Would the military commanders, in full ceremonial regalia, that were on the invitation list speak? the Master of Ceremony had asked. No, thank you. The same went for the cabinet ministers. Any Nigerian who watched the symposium, and saw the ministers where they sat sanctimoniously on the other side of the rostrum must have imagined they were worshipers that came to listen to a sermon; what with the way they collectively kept dignified silence? That of elder statesmen present was understandable. It is the territory of elders to give counsel away from public spaces.

And Mr President said, “I was very angry” three times in his short address. ‘Angry’ as a word at such high-profiled gathering? He said he was at the time he arrived office and saw the sharp division that must, of constitutional necessity, exist among the three arms of government. He would love to see them work more closely, he said. It was the core of his comment at the symposium, and so uncomfortable he felt about any polarization between the executive arm of government and the legislature that he declared Cabinet system of government better than the presidential system which the nation has at the moment. He expressed his chagrin too that any member of the ruling party in the legislature would oppose his bills on the floor of the House. All of that amounted to a swish of the cane at the principle of Separation of Power that is central to the practice of presidential system. How should Nigerians interpret this?

That the presidency has always held an unfavourable view of the principle of checks and balances that goes with Separation Powers? And because the ruling party provides the platform by which officials arrived power, and the manifesto of the party is like a law, none of its members should express a view contrary to that of the government?

Opinion here is that there is need to worry when a principle is sacrosanct to the practice of a system of government approved by the constitution, yet the number one defender of what the constitution says is impatient with it. Great leaders navigate their way through the maze that the constitution dictates, rather than express disdain for it as it was done at the Democracy Symposium. The ability of a sitting leader to successfully walk though the spider’s web of entrenched principles of presidential system is what stands certain American presidents out, for example. Such has them recorded in the mind of the people as all time greats.
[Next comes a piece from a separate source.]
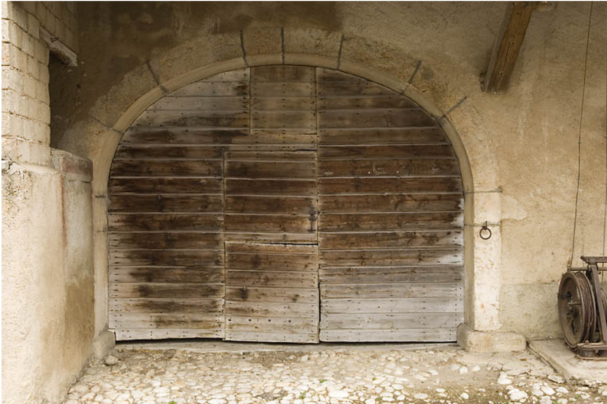
Façade antérieure : porte de la grange.

25, Jougne, 1 place des Cloutiers, lieudit : Entre-les-Fourgs
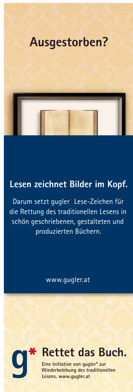
Lesezeichen mit Banderole

A closer assessment of what transpired at the Democracy Symposium would give reason to be concerned, for it has effects and such can easily reflected on what the government does, and what the think-tank behind the throne pursue as an agenda. Is there an agenda to silence every opposing view, which was the reason the opposition was missing on the symposium’s invitation list? The effect these nuances on the nation and its democracy cannot be wished away, because it showed that the government had set out not to hear anything but its own voice. And how would that work out in term of building a strong and virile democracy when the government carries itself as if it knows it all?